Ich möchte Qatar einmal mit Singapur vergleichen. Finanziell leistungsstark, mit einer Vergangenheit im Britischen Commonwealth, militärisch noch immer mit dem Westen verbunden. Katar verfolgt eine fein ausbalancierte Politik zwischen dem Mittleren Osten und dem Westen, zwischen Tradition und Moderne, zwischen Islam und Toleranz. Wie in Singapur gibt es dort mit Qatar Airways eine erfolgsorientierte 5-Star-Airline, die mit Luxus und 150 neuen Flugzeugen (200 weitere sind bestellt, darunter 80 Airbus A350) einen neuen Maßstab setzt. Mit knapp 150 Destinationen gehört sie zu den großen Airlines der Welt. Singapur, auch die Perle Asiens genannt, bietet das Raffles Hotel als Maß aller Dinge in der Übernachtungsindustrie an. Für mich ist das SHARQ Hotel in Katars Hauptstadt Doha die Perle am Golf. Das Sharq vermittelt einen Eindruck von indisch-britischem Kolonialstil. Es bietet ein Spa, das so umfangreich und weitläufig, gleichzeitig aber so privat, vertraulich und geschmackvoll im Stil des Landes eingerichtet ist, dass sich jeder Mensch darin wohlfühlen muss.

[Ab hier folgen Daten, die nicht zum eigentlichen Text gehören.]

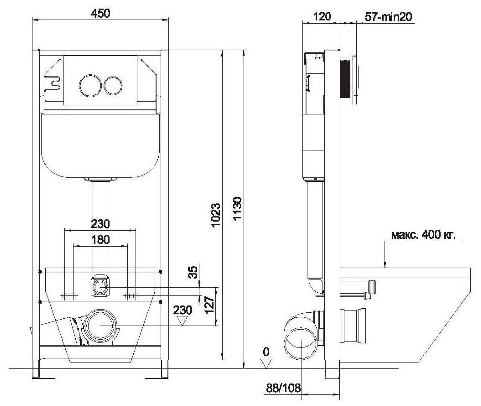 Отзывы на Инсталляция Aquanika Basic 10.702.450.02.10 для подвесного унитаза, клавиша(хром), крепеж, шумоизоляция 113x45x12см
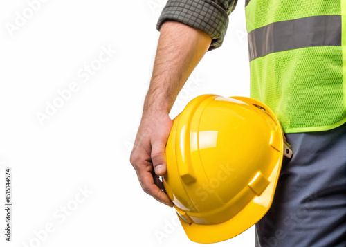 Fototapeta - Construction worker’s hand holding safety helmet strap isolated on a transparent background.
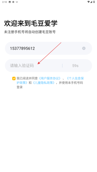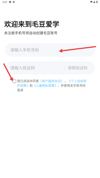 2、在输入框中填写【手机号码】并勾选已阅读协议的选项。
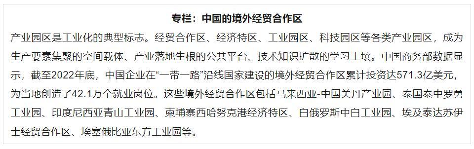 共建“一帶一路”國(guó)家的產(chǎn)業(yè)合作,推動(dòng)并強(qiáng)化了這一趨勢(shì)。中泰新絲路塔吉克斯坦農(nóng)業(yè)紡織產(chǎn)業(yè)園,幫助當(dāng)?shù)貜拿藁ǚN植向棉紡織全產(chǎn)業(yè)鏈跨越。印度尼西亞摩洛哇麗縣的青山工業(yè)園區(qū),將曾經(jīng)偏僻的小漁村變成了全球重要的鎳礦開采冶煉和不銹鋼產(chǎn)業(yè)基地,助力印尼“從賣30美元/噸鎳原礦到賣2300美元/噸不銹鋼”。在埃及泰達(dá)蘇伊士經(jīng)貿(mào)合作區(qū),巨石玻璃纖維公司建成年產(chǎn)20萬(wàn)噸玻璃纖維生產(chǎn)線,令埃及成為全球第四大玻纖生產(chǎn)和貿(mào)易國(guó),吸引大量上下游企業(yè)赴埃投資。
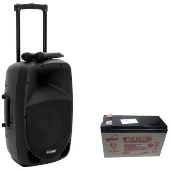 90 W-os hordozható hangfal, 2 mikrofonnal, audio lejátszó, Bluetooth, 12"-es mélysugárzó, 1"-es magassugárzó, tartozék akkumulátorral.

Qatar hat in den vergangenen Jahren Milliarden in den Bau von Sportstätten investiert, als wolle sich das sportbegeisterte Land fest in die Welt einbinden. Weltmeisterschaften im Tischtennis, Gewichtheben, Schwimmen, Squash, Hallen-Leichtathletik, Handball wurden in Katar ausgetragen, 2016 wird es die UCI Straßen WM sein, 2018 die Turn WM und 2019 die Leichtathletik WM. Hier wird ab nächstem Jahr auch ein Lauf zur Formel 1 veranstaltet. Dem Land, der Airline und seinen Menschen wohnt nämlich ein Zauber inne, der einen schnell gefangen nimmt und seine Vorurteile vergessen lässt. Hier kann man sich wohlfühlen. Man muss es einfach mal ausprobieren.